Hari itu, bertempat di salah satu hotel bintang lima terkenal di Ibukota, sebuah Hall dihiasi dengan sedemikian rupa dengan bunga warna berwarna pink muda, dipadukan dengan baby breath yang membentuk hiasan yang indah di pelaminan. Musik pengiring yang melantunkan lagu-lagu cinta membentuk suasana pernikahan itu menjadi kian semarak, sementara Kanaya dan Bisma datang menjadi pihak dari keluarga Wardhana. Pasangan itu, menitipkan Aksara kepada Bunda Hesti dan Ayah Tirta yang turut hadir sebagai tamu undangan.
Kanaya hadir dengan mengenakan kebaya berwarna hijau pupus yang lembut, sementara Bisma mengenakan setelan jas berwarna hitam.
“Nikahannya anak crazy rich memang beda ya Sayang,” celetuk Bisma kali ini saat menggandeng tangan Kanaya memasuki hall tersebut.
Kanaya tertawa mendengar celotehannya suaminya itu, “Ya, harus beda, Mas … lagipula beberapa bulan yang lalu Papa Jaya hanya bisa menggelar pernikahan Darren dengan sederhana, jadi wajar saja sih jika kali ini digelar dengan lebih mewah,” jawabnya yang tengah berusaha berpikiran logis.
Bisma pun mengangguk, “Bener sih … setelah pernikahan di Lapas beberapa bulan yang lalu. Semoga kali ini nasib pernikahan Giselle dan Gibran akan bahagia ya Sayang,” ucapan dan sekaligus doa dari Bisma yang mengharapkan kebahagiaan untuk Giselle dan Gibran.

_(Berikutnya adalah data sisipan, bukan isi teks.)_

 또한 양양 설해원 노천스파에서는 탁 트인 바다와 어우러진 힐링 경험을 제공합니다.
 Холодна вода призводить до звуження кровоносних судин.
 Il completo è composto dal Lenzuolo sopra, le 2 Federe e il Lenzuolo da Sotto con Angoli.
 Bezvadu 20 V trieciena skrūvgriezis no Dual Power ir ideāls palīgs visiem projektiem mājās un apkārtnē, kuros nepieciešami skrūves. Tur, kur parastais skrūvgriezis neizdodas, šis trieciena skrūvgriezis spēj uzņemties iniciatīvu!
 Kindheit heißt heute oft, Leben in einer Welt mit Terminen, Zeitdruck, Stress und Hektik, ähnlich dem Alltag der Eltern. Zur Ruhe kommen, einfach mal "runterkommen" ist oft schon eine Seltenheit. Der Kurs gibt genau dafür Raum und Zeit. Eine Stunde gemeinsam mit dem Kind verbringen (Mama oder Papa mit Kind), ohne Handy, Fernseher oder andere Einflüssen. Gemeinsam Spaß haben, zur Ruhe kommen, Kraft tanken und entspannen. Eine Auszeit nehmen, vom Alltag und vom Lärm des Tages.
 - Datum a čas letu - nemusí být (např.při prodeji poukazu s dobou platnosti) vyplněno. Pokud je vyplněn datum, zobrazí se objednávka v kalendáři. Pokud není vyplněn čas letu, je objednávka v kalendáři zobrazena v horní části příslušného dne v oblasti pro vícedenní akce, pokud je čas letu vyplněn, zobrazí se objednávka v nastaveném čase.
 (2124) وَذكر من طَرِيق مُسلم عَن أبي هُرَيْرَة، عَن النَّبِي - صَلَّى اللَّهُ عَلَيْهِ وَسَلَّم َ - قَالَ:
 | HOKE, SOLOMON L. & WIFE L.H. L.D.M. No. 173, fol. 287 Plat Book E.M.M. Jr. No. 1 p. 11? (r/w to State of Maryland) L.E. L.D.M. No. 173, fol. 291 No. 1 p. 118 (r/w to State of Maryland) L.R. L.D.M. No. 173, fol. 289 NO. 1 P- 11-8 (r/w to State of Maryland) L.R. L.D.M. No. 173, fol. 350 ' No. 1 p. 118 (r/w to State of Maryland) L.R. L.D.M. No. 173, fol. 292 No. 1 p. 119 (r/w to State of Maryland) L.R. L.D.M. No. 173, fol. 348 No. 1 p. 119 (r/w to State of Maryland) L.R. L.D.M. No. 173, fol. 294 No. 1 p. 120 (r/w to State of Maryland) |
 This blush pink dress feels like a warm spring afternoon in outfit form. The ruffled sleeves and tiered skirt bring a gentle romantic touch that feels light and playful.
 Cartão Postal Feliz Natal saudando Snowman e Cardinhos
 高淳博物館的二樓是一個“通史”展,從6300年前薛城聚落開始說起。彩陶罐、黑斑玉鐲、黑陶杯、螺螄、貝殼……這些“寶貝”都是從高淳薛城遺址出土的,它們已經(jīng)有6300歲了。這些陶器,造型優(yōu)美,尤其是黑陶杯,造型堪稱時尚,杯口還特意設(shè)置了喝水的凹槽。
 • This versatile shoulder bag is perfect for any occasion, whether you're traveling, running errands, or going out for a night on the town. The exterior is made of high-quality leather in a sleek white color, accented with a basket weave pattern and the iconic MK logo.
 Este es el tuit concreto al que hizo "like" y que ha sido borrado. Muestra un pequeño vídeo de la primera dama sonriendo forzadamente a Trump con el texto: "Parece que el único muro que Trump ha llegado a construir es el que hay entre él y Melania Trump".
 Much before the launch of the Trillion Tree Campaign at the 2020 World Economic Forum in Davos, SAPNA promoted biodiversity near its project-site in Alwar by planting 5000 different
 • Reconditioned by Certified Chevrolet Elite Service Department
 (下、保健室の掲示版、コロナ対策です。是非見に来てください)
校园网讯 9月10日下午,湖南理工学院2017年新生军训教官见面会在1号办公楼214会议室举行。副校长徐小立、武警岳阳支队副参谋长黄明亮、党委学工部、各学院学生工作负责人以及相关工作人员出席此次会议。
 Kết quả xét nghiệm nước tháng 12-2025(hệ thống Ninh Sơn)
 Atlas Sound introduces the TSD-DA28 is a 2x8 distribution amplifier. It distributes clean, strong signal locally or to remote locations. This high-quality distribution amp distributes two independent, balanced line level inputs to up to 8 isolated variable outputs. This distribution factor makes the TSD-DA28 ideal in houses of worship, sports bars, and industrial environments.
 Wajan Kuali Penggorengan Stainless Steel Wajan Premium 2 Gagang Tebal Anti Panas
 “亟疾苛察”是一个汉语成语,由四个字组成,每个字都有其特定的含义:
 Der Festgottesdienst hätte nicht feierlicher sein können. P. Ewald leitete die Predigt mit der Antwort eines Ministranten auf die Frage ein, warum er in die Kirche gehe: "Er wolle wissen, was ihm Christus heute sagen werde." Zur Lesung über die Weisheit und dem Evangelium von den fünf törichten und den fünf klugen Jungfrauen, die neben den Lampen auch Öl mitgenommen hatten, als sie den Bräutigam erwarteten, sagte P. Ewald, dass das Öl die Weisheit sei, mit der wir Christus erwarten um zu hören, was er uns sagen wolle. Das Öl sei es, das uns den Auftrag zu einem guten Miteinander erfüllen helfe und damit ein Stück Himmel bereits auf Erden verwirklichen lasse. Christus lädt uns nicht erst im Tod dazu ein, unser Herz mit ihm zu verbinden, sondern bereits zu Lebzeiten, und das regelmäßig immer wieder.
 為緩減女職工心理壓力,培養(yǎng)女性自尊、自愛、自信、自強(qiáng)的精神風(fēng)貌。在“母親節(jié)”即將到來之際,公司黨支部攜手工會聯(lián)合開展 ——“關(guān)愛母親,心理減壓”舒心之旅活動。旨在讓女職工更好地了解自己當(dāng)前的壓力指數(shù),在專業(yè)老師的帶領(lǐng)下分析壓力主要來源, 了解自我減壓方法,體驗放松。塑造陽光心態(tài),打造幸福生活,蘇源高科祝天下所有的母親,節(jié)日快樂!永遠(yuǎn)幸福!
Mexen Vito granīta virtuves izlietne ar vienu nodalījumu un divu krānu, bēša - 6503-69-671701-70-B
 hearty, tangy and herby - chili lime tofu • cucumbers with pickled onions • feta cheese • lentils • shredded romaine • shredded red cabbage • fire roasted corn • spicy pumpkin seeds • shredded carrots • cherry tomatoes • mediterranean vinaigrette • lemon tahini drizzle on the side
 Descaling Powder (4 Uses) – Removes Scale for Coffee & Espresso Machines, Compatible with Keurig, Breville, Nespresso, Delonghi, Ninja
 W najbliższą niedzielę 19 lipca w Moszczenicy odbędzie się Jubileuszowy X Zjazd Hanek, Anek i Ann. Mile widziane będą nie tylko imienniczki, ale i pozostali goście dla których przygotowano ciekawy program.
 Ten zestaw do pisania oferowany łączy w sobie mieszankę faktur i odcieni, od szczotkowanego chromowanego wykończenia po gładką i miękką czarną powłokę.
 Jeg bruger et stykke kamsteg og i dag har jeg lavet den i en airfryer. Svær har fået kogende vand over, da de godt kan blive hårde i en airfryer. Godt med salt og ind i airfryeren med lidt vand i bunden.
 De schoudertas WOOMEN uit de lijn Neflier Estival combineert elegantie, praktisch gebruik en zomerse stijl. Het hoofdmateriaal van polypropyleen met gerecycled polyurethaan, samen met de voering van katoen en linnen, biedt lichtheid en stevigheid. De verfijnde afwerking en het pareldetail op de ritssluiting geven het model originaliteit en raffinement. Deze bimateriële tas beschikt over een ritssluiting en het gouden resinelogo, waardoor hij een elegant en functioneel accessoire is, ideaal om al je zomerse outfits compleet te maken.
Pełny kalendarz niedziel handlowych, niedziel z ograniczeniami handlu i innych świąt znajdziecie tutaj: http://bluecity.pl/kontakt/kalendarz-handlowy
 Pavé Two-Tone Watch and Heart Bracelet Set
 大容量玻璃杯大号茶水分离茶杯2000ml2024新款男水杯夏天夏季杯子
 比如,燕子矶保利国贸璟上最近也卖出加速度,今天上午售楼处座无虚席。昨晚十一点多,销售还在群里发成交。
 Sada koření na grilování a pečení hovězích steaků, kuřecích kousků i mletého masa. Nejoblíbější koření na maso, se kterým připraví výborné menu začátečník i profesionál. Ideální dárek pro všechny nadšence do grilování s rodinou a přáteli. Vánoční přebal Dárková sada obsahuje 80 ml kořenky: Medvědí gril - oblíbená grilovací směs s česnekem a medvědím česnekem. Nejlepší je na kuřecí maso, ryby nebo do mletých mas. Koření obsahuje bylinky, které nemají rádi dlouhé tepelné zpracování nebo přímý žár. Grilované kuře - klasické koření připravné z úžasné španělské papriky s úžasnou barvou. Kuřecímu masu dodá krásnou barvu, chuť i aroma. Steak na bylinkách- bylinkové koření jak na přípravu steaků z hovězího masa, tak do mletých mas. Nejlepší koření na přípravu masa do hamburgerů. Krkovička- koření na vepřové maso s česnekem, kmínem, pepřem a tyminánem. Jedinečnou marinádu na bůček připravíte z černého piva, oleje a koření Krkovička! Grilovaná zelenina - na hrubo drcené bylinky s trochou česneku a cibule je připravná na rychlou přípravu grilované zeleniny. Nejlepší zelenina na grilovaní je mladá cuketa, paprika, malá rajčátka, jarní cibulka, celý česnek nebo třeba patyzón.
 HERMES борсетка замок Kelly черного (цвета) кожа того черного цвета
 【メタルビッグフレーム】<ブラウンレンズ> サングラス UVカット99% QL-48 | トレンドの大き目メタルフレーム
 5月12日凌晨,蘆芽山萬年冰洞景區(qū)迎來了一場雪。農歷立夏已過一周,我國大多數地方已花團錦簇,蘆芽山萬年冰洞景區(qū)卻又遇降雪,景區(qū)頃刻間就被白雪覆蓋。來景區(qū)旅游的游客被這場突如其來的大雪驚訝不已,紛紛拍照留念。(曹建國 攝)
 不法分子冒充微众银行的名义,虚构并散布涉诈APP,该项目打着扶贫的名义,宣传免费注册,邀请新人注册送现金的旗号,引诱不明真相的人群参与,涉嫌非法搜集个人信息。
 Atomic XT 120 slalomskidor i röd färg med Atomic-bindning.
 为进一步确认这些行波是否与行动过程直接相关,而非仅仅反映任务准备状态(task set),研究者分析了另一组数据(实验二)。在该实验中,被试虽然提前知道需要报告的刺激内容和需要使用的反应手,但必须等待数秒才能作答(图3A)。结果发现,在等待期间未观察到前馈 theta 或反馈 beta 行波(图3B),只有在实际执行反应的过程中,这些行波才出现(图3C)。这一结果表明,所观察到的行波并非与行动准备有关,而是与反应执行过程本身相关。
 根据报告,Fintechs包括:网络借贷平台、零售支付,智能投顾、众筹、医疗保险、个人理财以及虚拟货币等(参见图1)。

Kanaya turut menganggukkan kepalanya, “Iya Mas, aku pun berharap dan mendoakan demikian.”
Setelah itu, Kanaya dan Bisma duduk tepat di belakang Mama Sasmita. Keduanya cukup terkejut melihat Sandra dengan perutnya yang membuncit dengan cukup besar, disamping Sandra juga terlihat Darren. Akan tetapi, beberapa meter di belakang Darren ada pihak petugas dari Lapas yang masih menjaga pria itu.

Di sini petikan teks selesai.